▶ [Try it] Copy out exactly the stretch below, from the line with "Nestled in the" through the line with "one half size.", both included; the pictures stay out.

▶ [Provided material]
....

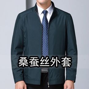 高档品牌男装花公子桑蚕丝夹克春秋中年爸爸装单排扣中...
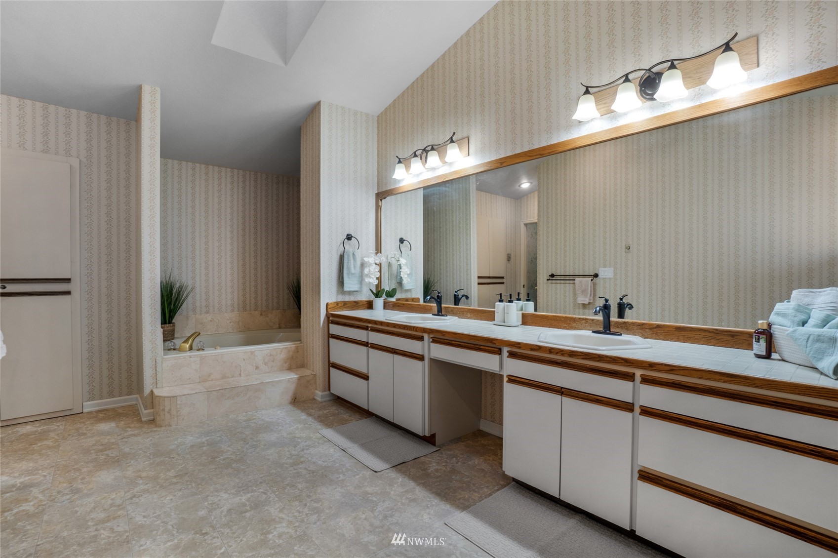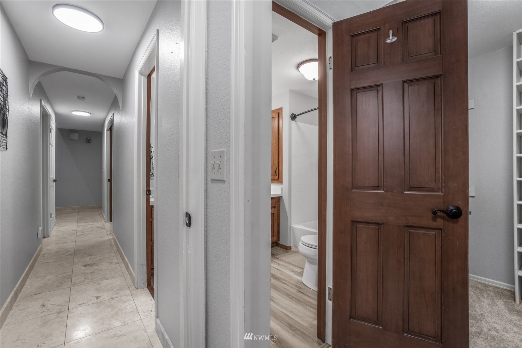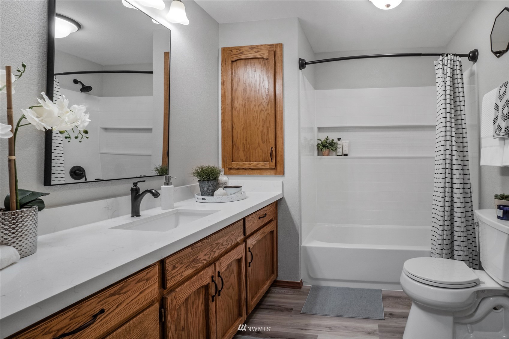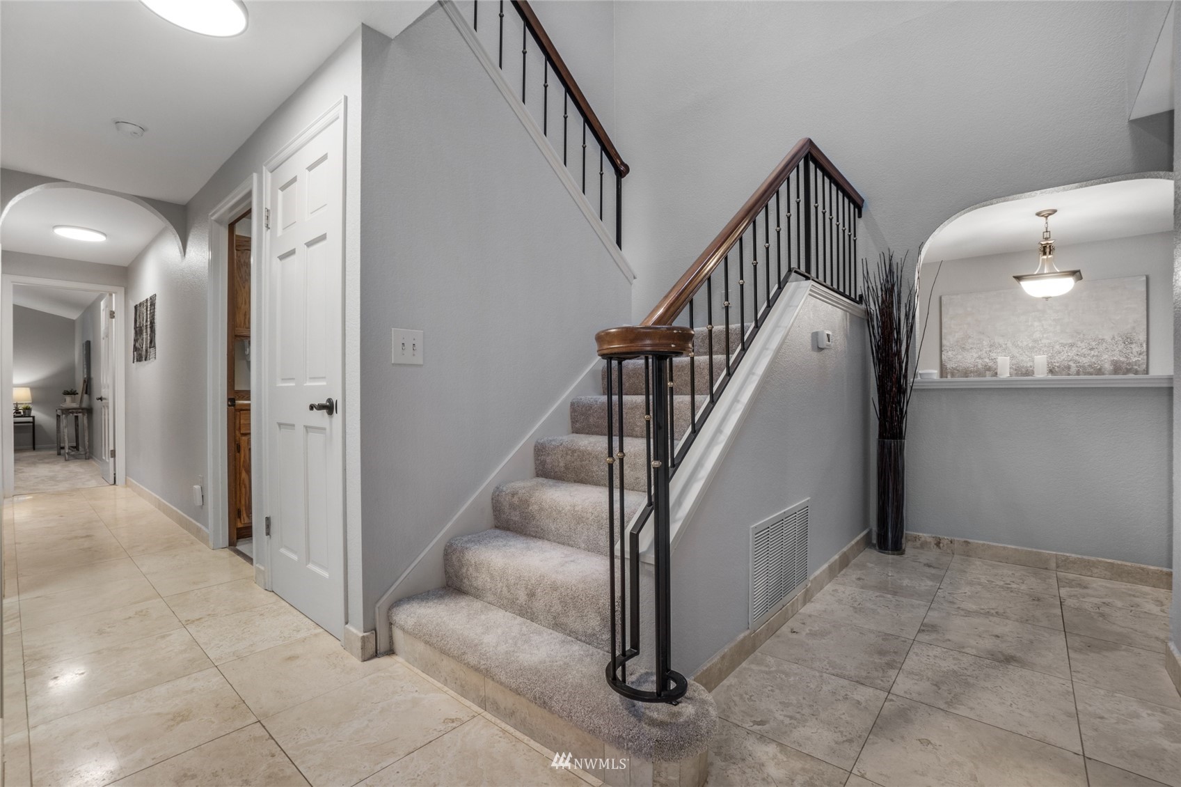 Nestled in the heart of Mill Creek and all that it has to offer is Trilliuim Boulevard. Enter into your massive main floor living space with stylish updates/finishes throughout including travertine tile.The chef inspired & fully updated kitchen features white shaker cabinets, custom deep sink, & sleek marble countertops. Main floor living is easy with an expansive room & full bath en-suite, home office/den and beautiful entertaining living room. Fully fenced backyard features a patio space with private and secluded greenspaces and updated deck-a great place to gather with friends or relax after a long day. The top floor acts as your private oasis,2 walk in closets,5 piece primary bathroom, and cozy fireplace!2 car garage and storage galore!
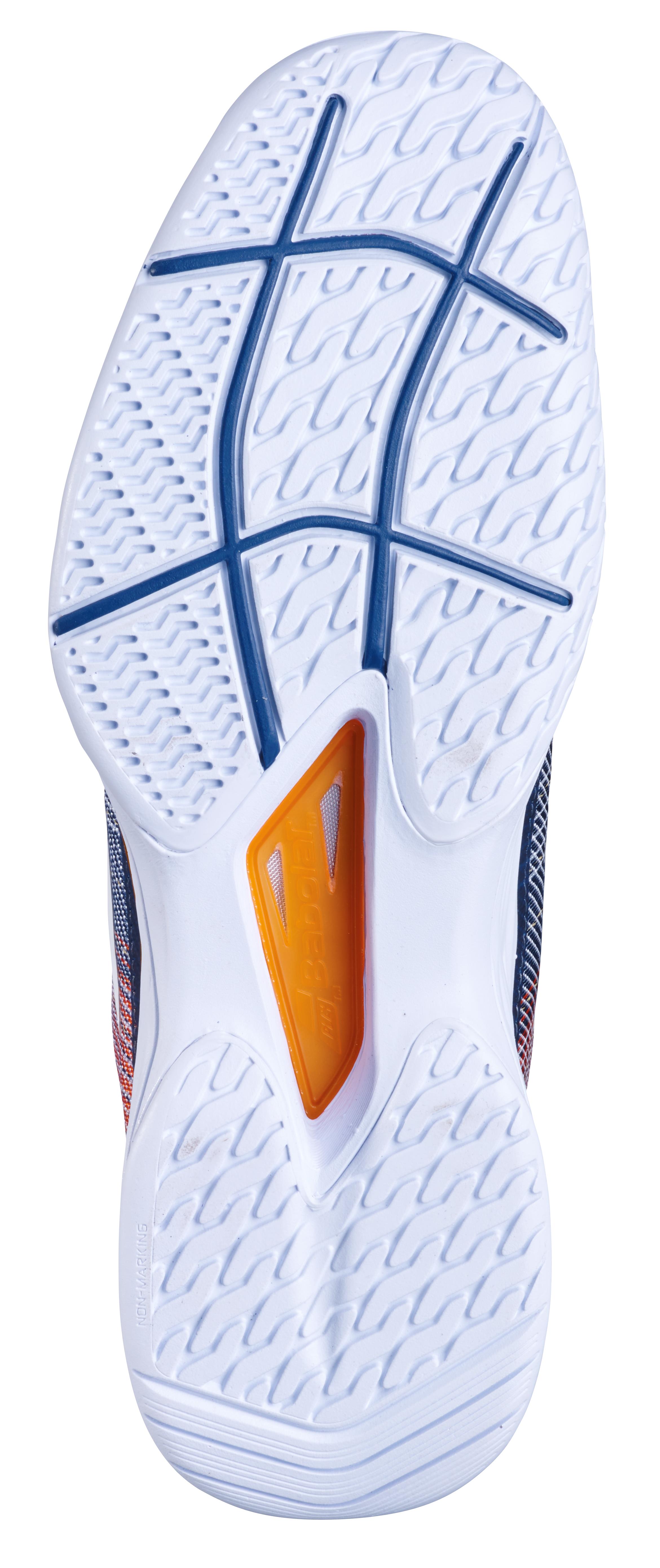 Babolat Men`s Jet Mach II All Court Tennis Shoes are designed to encourage both quickness and support on the court. This is achieved through the innovative use of Matryx 2.0 fabric. It`s lightweight, and consists of Kevlar and Polyamide threads for protection and support. Inside, players can expect streamlined cushioning, while the Michelin Performance outsoles ensure durability. Active Flexion technology throughout the Jet Mach II addresses 9 key pressure points for additional responsiveness. These shoes run narrow and small, we recommend ordering up one half size.
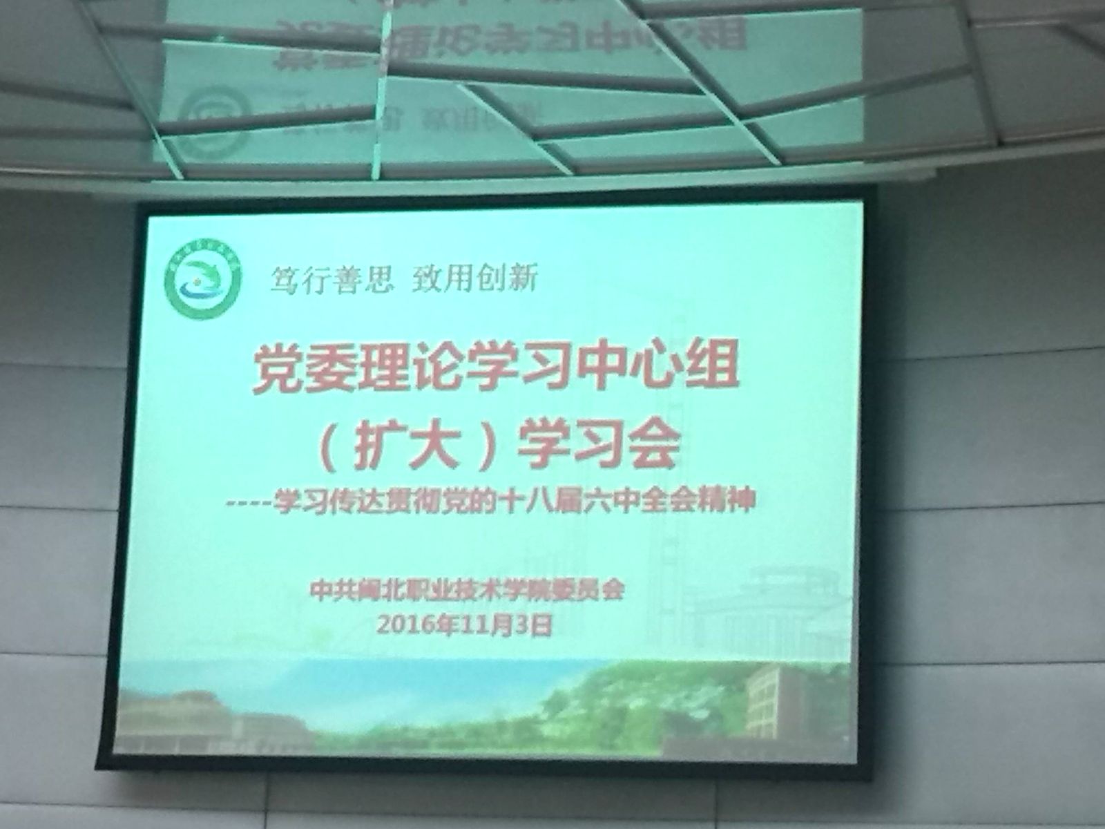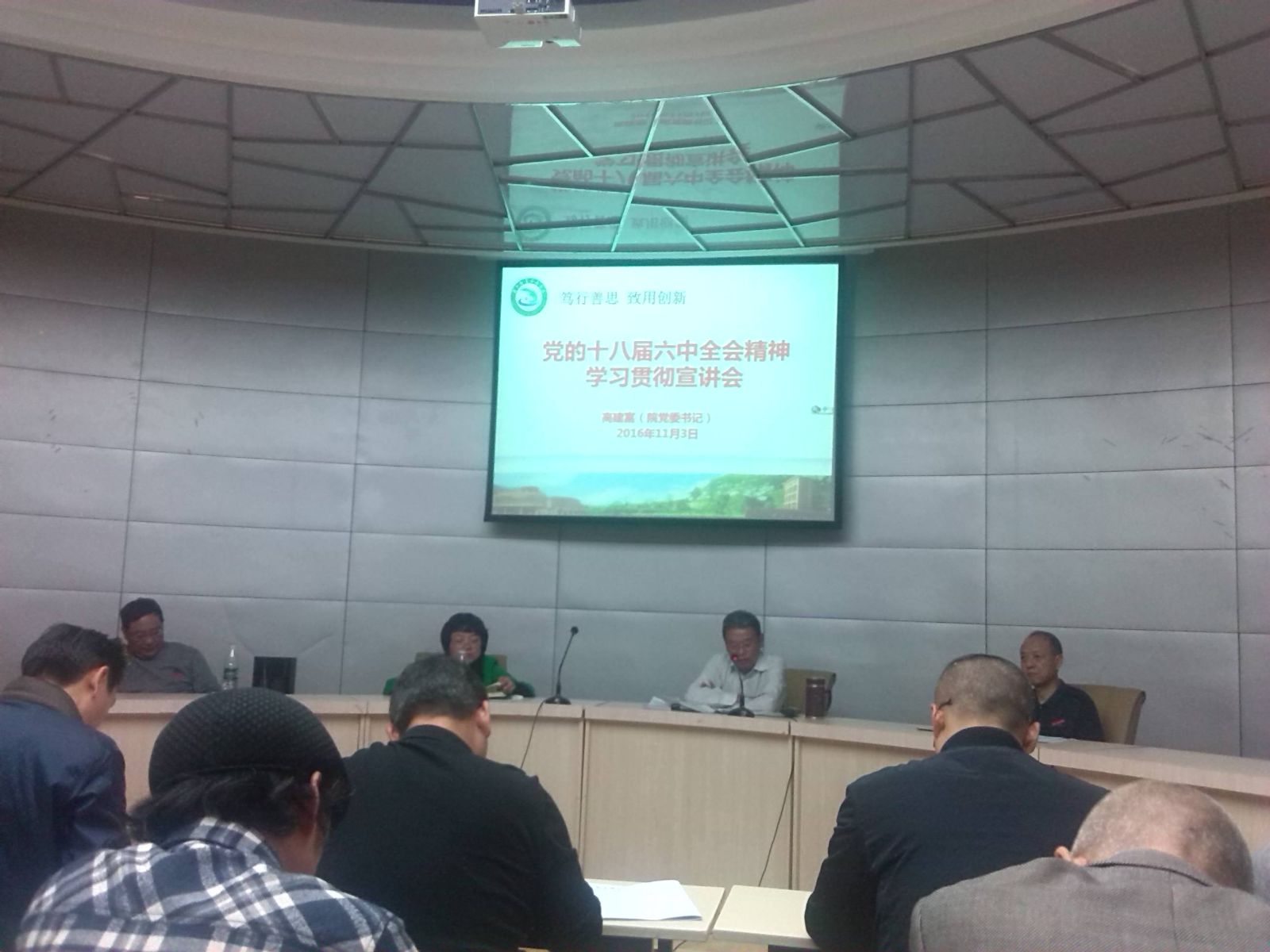 2016年11月3日下午,院中层以上领导(含后备干部)、各党总支委员、支部书记参加了院党委理论学习中心组(扩大)学习会,学习传达贯彻党的十八届六中全会精神,会议分两个专题,第一专题为院党委高建富书记的“党的十八届六中全会精神学习贯彻宣讲会”,第二专题为院党委陶金辉副书记的“学习《胡锦涛文选》学习宣讲会”,通过两个专题的学习,为我系下一阶段“两学一做”的深入开展明确了方向,也为我系第二轮评估工作的进一步深化提供了前行的动力。参加本次大会的我系老师有:张金良主任、郑启阶副书记及鞠璐宁、黄妍等老师。

....

▶ [Solved problem]
 Nestled in the heart of Mill Creek and all that it has to offer is Trilliuim Boulevard. Enter into your massive main floor living space with stylish updates/finishes throughout including travertine tile.The chef inspired & fully updated kitchen features white shaker cabinets, custom deep sink, & sleek marble countertops. Main floor living is easy with an expansive room & full bath en-suite, home office/den and beautiful entertaining living room. Fully fenced backyard features a patio space with private and secluded greenspaces and updated deck-a great place to gather with friends or relax after a long day. The top floor acts as your private oasis,2 walk in closets,5 piece primary bathroom, and cozy fireplace!2 car garage and storage galore!
 Babolat Men`s Jet Mach II All Court Tennis Shoes are designed to encourage both quickness and support on the court. This is achieved through the innovative use of Matryx 2.0 fabric. It`s lightweight, and consists of Kevlar and Polyamide threads for protection and support. Inside, players can expect streamlined cushioning, while the Michelin Performance outsoles ensure durability. Active Flexion technology throughout the Jet Mach II addresses 9 key pressure points for additional responsiveness. These shoes run narrow and small, we recommend ordering up one half size.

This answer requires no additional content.